Admittedly, it's taken me a while to get around to writing this. I'll not descend into one of those 'the summer holidays were so hard' posts but hey, if I said I wasn't just a little bit happy when the school bell rang last Thursday morning, I'd be a huge liar. Now I've got my schedule back under control, I'm very happy to write this little piece about, well, my writing.
It's only during the last few months that my head has made the switch and I would now define myself as 'a writer'. I write for a living, I write every day and I write because I might just go off pop if I didn't. Writing cheers me up and calms me down. It helps me order my thoughts and explore new ideas. It is a part of me and I love it.
Question - why do I write? - Why wouldn't I? I've written ever since I was a kid. I know we all have and I'm not claiming special writing powers here but it's just always been a huge part of who I am. I guess it stems from reading like a demon when I was young and becoming full to the brim with words, plots, people and places that just had to flood out. So, I wrote stories for myself, I wrote for a national children's newspaper and got a big kick from seeing my words in print. University rather slapped the love of writing and reading out of me - the relentless pressure to plough through so many books every week, to pull them apart and critique every flipping sentence just ruined the magic of it for me. It took a while to get back into reading and it was only when I was planning weddings and writing for wedding magazines that the words and I rekindled our passion. I always wanted to write a book so approached a literary agent with a pitch and ta-dah, my first book was published just before my 30th birthday. Another has since followed and, if I have my way, there'll be another soon too.

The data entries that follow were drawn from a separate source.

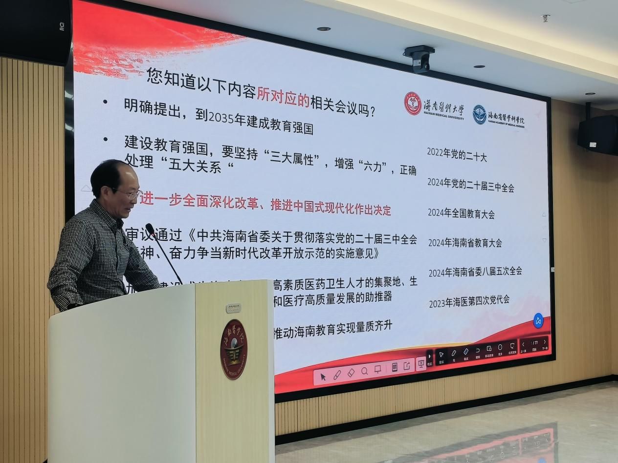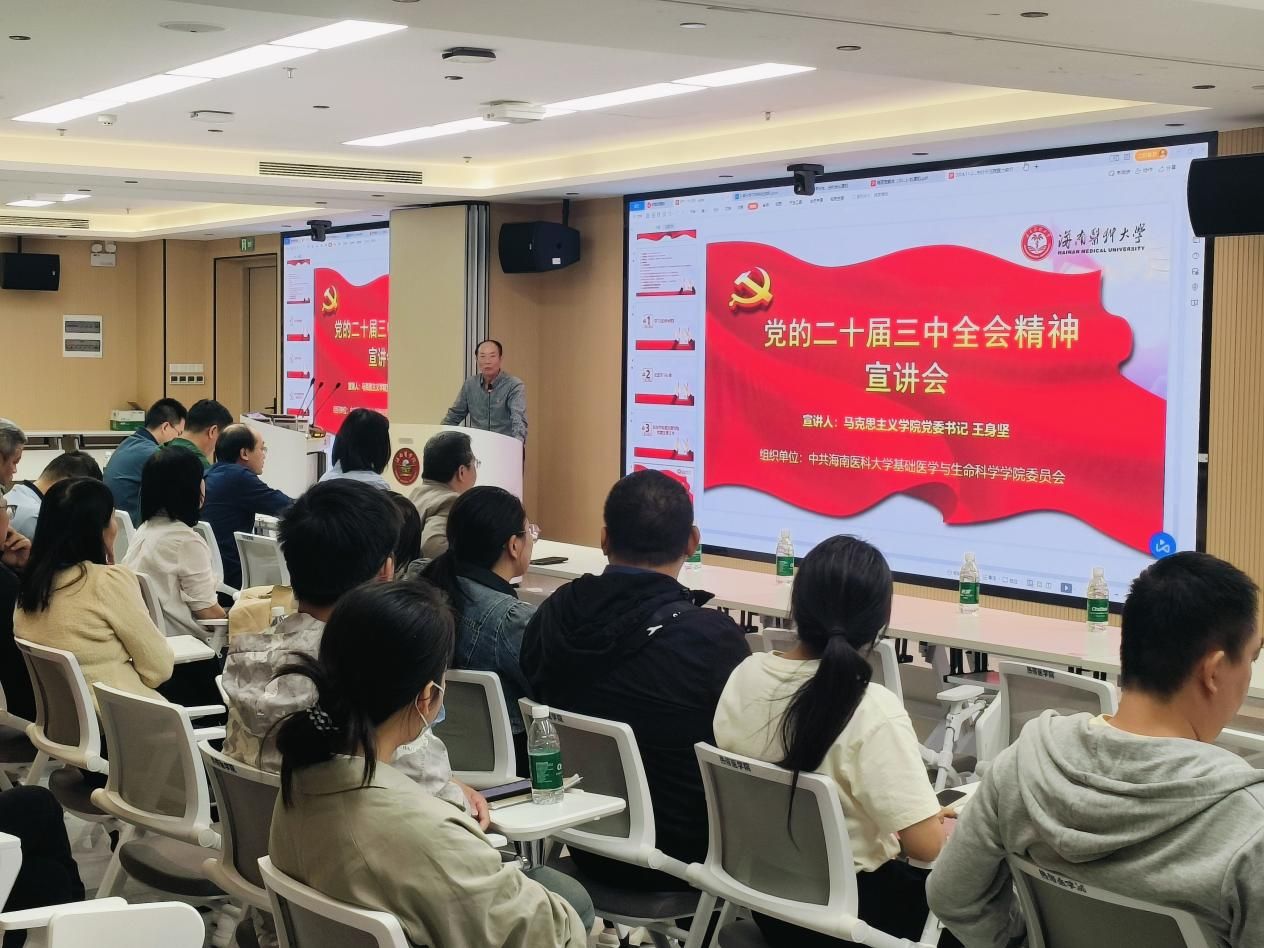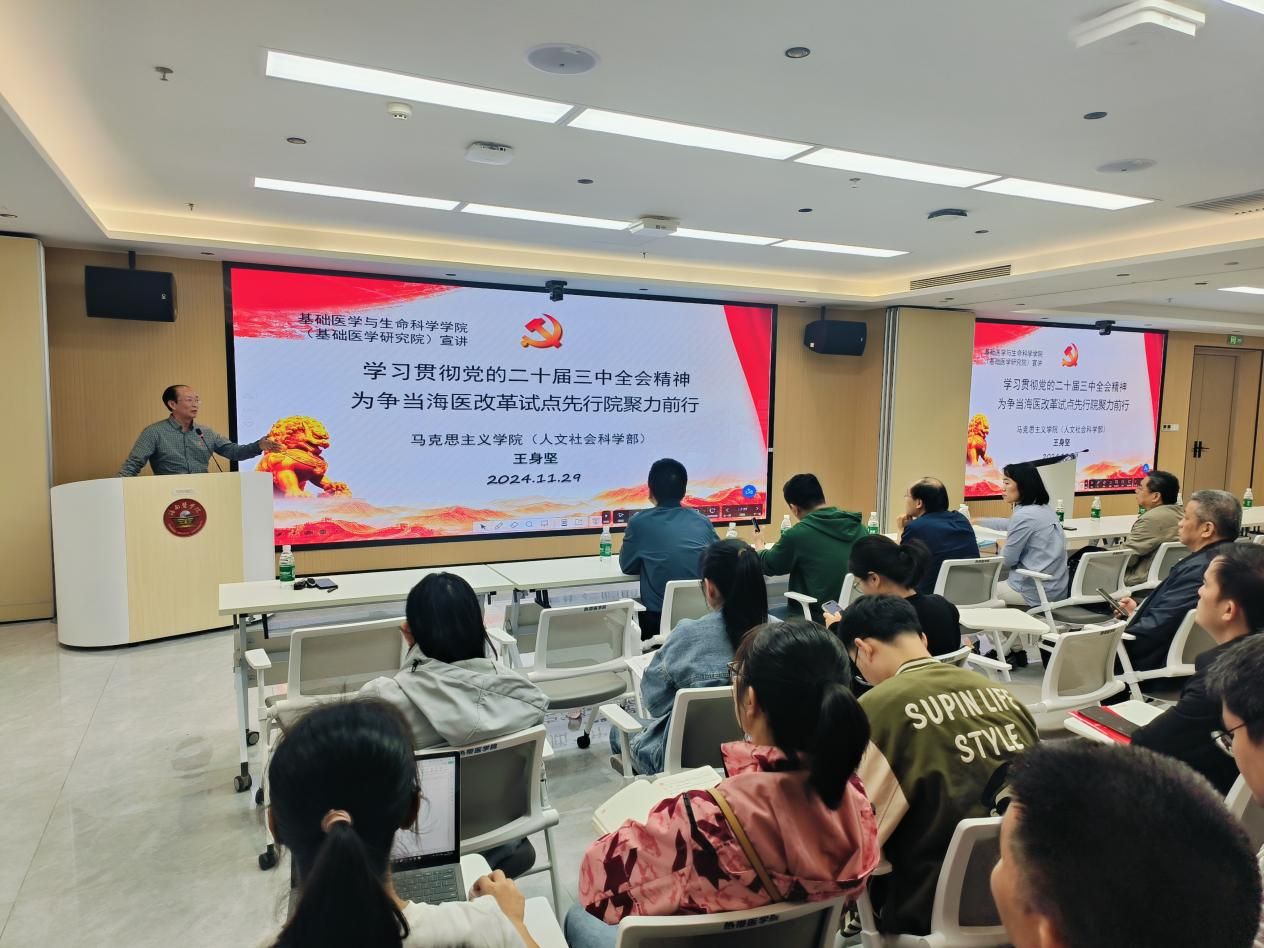 2024年11月29日上午,热带医学院的会议室座无虚席,一堂精彩生动的宣讲会在此举行。主讲嘉宾是海南省党的二十届三中全会精神宣讲团成员、我校马克思主义学院(人文社会科学部)党总支书记王身坚。宣讲会由基础医学与生命科学学院党委书记王晗主持。基础医学与生命科学学院130余名师生党员参加学习。
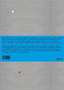 L'ECAL – Ecole Cantonale d'Art de Lausanne est reconnue comme une référence mondiale en matière de graphisme. Ce succès repose en grande partie sur une politique de workshops permettant aux étudiants de se confronter, au sein même de l'école, aux meilleurs designers graphiques suisses et internationaux. Cet ouvrage revient sur les productions en Bachelor Design Graphique et en Master, réalisées entre 2010 et 2015.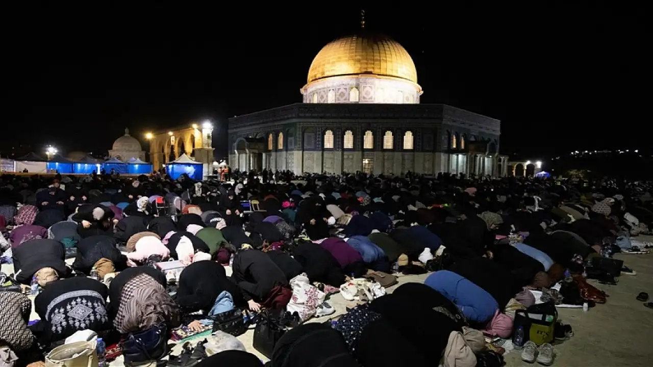 Bin aydan hayırlı olan Kadir Gecesi, Müslümanların ilk kıblesi olma özelliğini taşıyan işgal altındaki Kudüs'teki Mescid-i Aksa'da idrak edildi. Binlerce Müslüman teravih namazını kılmak için Mescid-i Aksa ve avlusunu doldurdu. İslami Vakıflar Dairesi tarafından yapılan açıklamada, Kadir Gecesi'nde yaklaşık 280 bin kişinin Mescid-i Aksa'da olduğu ifade edildi.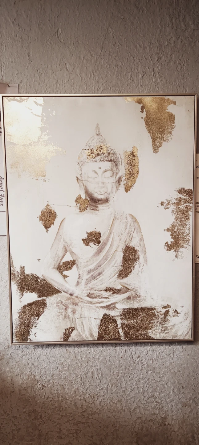 Beautiful canvas wall art featuring a Buddha design. It has a neutral color palette with gold accents that would complement any room. Perfect for adding a touch of serenity to your home decor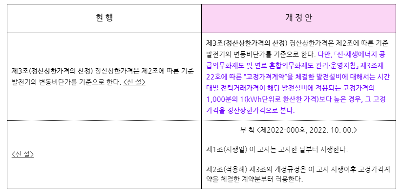 산업통상자원부, 「전력거래가격 상한에 관한 고시」 일부개정(안) 발췌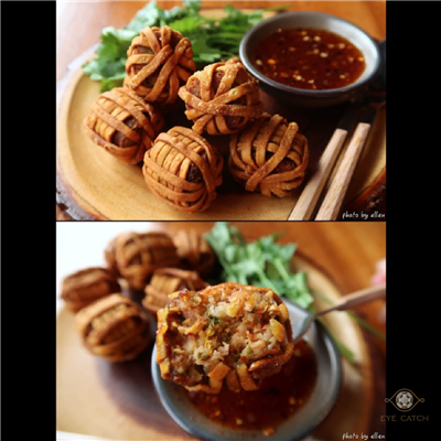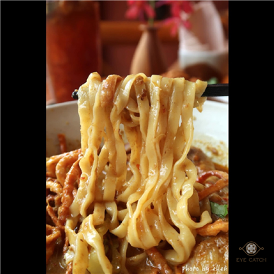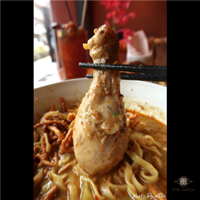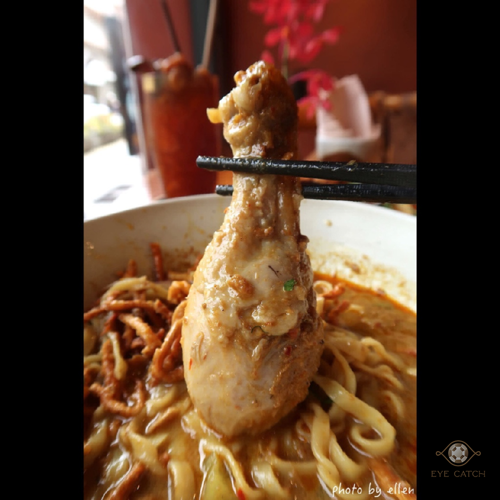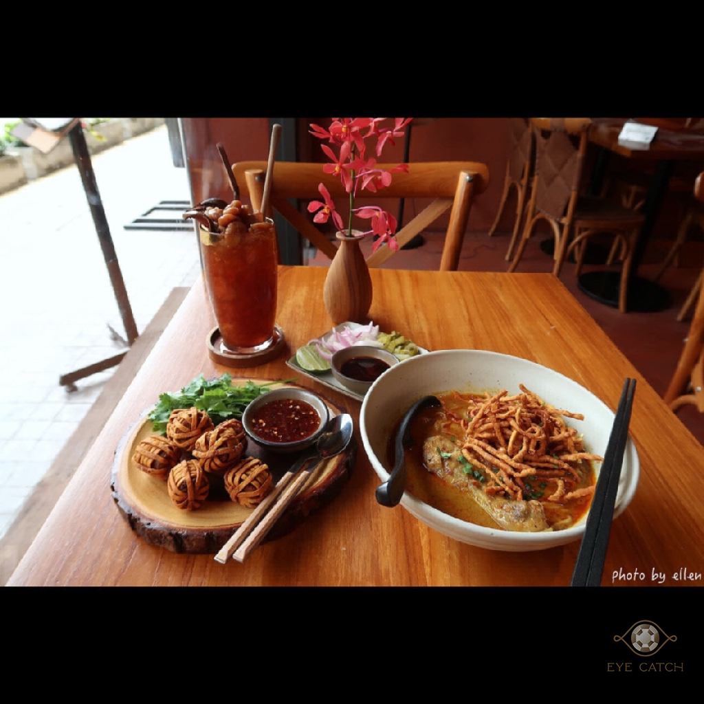 點了龍眼木敦果汁, 炸泰北香腸籠球, 雞腿咖哩麵; 籠球像一捆捆毛線球一樣炸到金黃酥脆, 包泰北香腸特色帶酸, 不需沾醬已很夠味; 咖哩麵湯量看起來不多, 椰奶湯底滿濃, 麵條不算很有彈性但不會太軟, 雞肉很好去骨, 整體表現不錯

I now write for a living and I have to say that writing about weddings for blogs such as Love My Dress is a huge honour. I write for other clients too and I still write for myself.
I write because I love words. I write because I love stories.
Question - what am I working on? - Happily, I've got a list of features to write that stretches over two pages in my notebook and when one is delivered, another inevitably arrives. I love this rolling writing rota and I feel pleased that I don't get overwhelmed by the long list of pieces that need writing. To me, this feels like a huge step forward and that I'm now able to 'turn on writing mode' when I sit at my desk has probably contributed to my recent mental shift.
Aside from all of my wedding features, I'm planning a chunkier piece of wedding goodness and in my free time, I'm writing some historical fiction. I fell out of love with fiction for a long time having been supremely irritated by lots of books I read. Historical non-fiction got me through that patch and everything I absorbed then is certainly coming in handy now. I'm a history geek and the stories of women in world war two float my literary boat so it's not too tough to guess what I'm writing about hey?
Question - how does it differ from others in its genre? - Looking at the wedding words first, I guess it differs because of my experience. I came to write about weddings have worked in and on weddings for years. I've been there, done that and got the blisters on wedding days to prove it so, when I write about suppliers, gowns, venues or boutiques, I hope a little of that knowledge and understanding comes through. It's my perspective on things that makes it unique and it's the way that I interpret and convey facts and thoughts that make my writing different.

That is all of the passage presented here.